* _Task goal_: Write out the lines below exactly, beginning at the one with "Gebruik de zoekbalk" and stopping after the one with "培训采取自主学习、集中培训与"; the pictures are not copied.

[Available records — start]

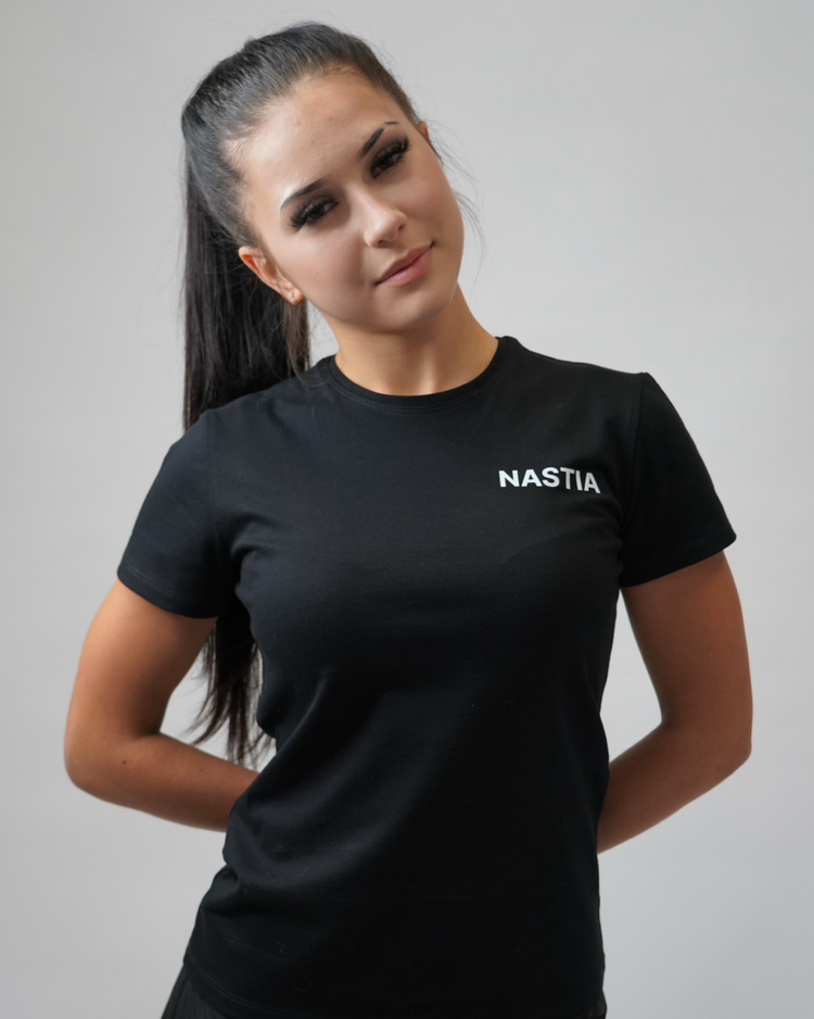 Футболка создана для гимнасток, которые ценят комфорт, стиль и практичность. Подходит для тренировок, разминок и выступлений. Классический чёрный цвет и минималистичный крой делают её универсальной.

[Available records — finish]
[Available records — start]

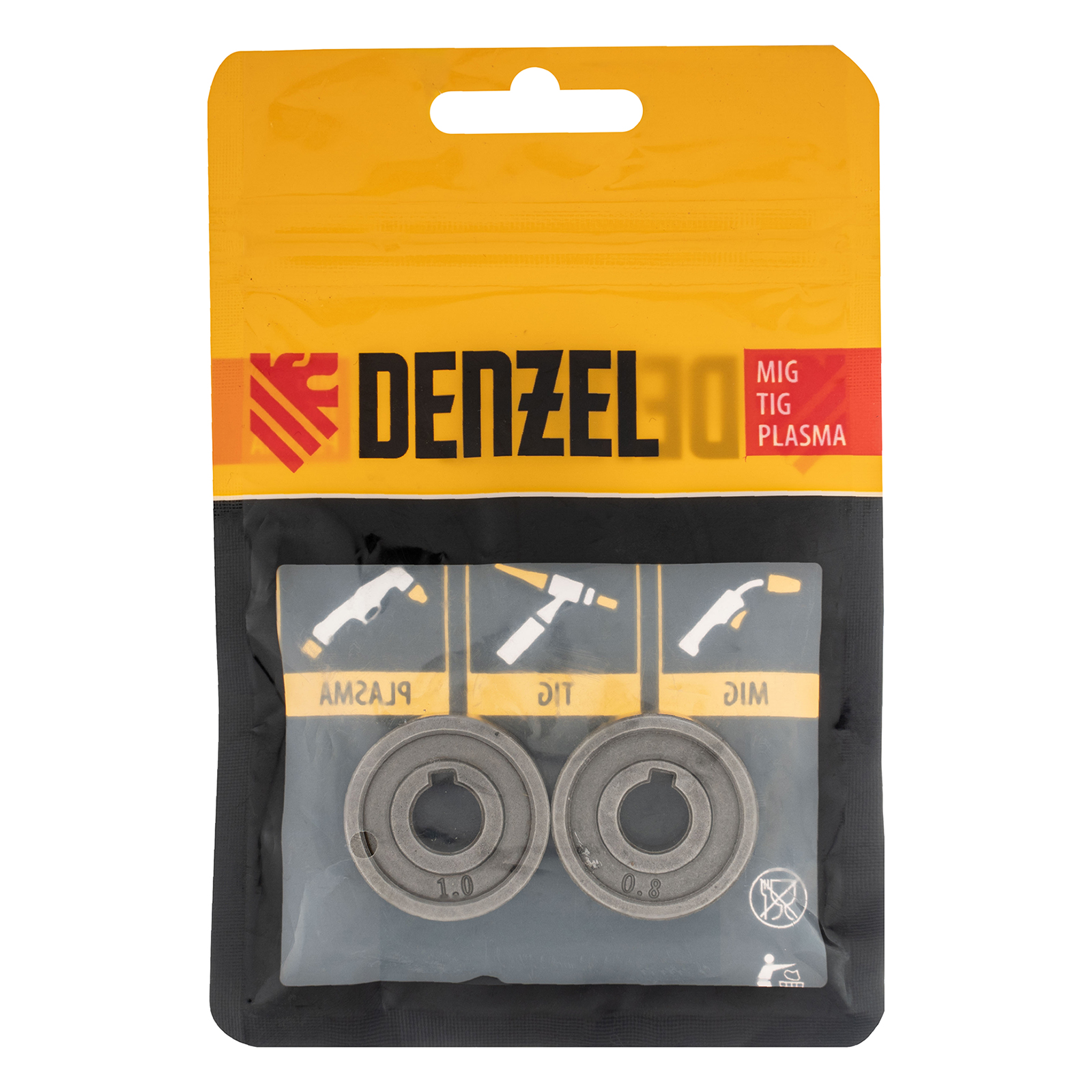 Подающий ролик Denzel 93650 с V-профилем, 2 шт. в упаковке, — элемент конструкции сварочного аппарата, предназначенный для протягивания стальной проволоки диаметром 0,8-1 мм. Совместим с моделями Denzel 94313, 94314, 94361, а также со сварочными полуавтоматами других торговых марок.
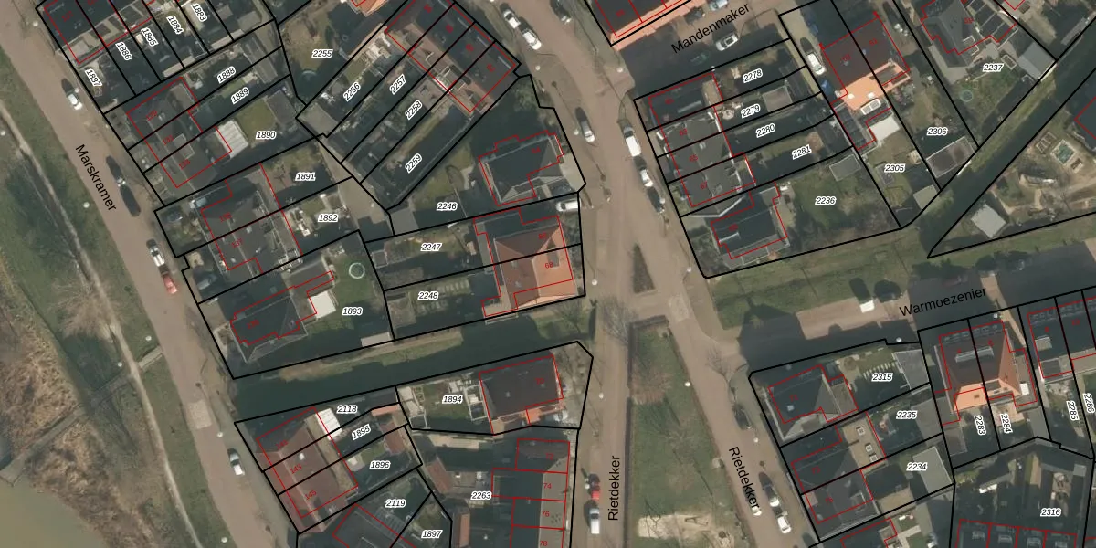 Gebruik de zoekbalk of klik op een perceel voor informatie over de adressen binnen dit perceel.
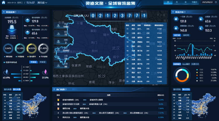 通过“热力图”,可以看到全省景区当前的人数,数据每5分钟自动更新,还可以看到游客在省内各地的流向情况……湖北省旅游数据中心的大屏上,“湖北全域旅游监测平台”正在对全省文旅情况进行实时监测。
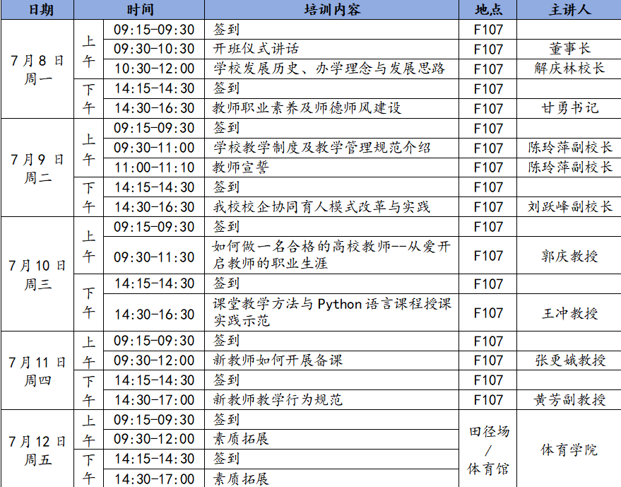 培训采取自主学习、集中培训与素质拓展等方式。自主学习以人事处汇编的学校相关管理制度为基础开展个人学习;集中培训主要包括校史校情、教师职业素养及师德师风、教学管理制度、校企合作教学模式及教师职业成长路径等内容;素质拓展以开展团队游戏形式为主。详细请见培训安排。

[Available records — finish]

* _Answer for this exercise_:
 Gebruik de zoekbalk of klik op een perceel voor informatie over de adressen binnen dit perceel.
 通过“热力图”,可以看到全省景区当前的人数,数据每5分钟自动更新,还可以看到游客在省内各地的流向情况……湖北省旅游数据中心的大屏上,“湖北全域旅游监测平台”正在对全省文旅情况进行实时监测。
 培训采取自主学习、集中培训与素质拓展等方式。自主学习以人事处汇编的学校相关管理制度为基础开展个人学习;集中培训主要包括校史校情、教师职业素养及师德师风、教学管理制度、校企合作教学模式及教师职业成长路径等内容;素质拓展以开展团队游戏形式为主。详细请见培训安排。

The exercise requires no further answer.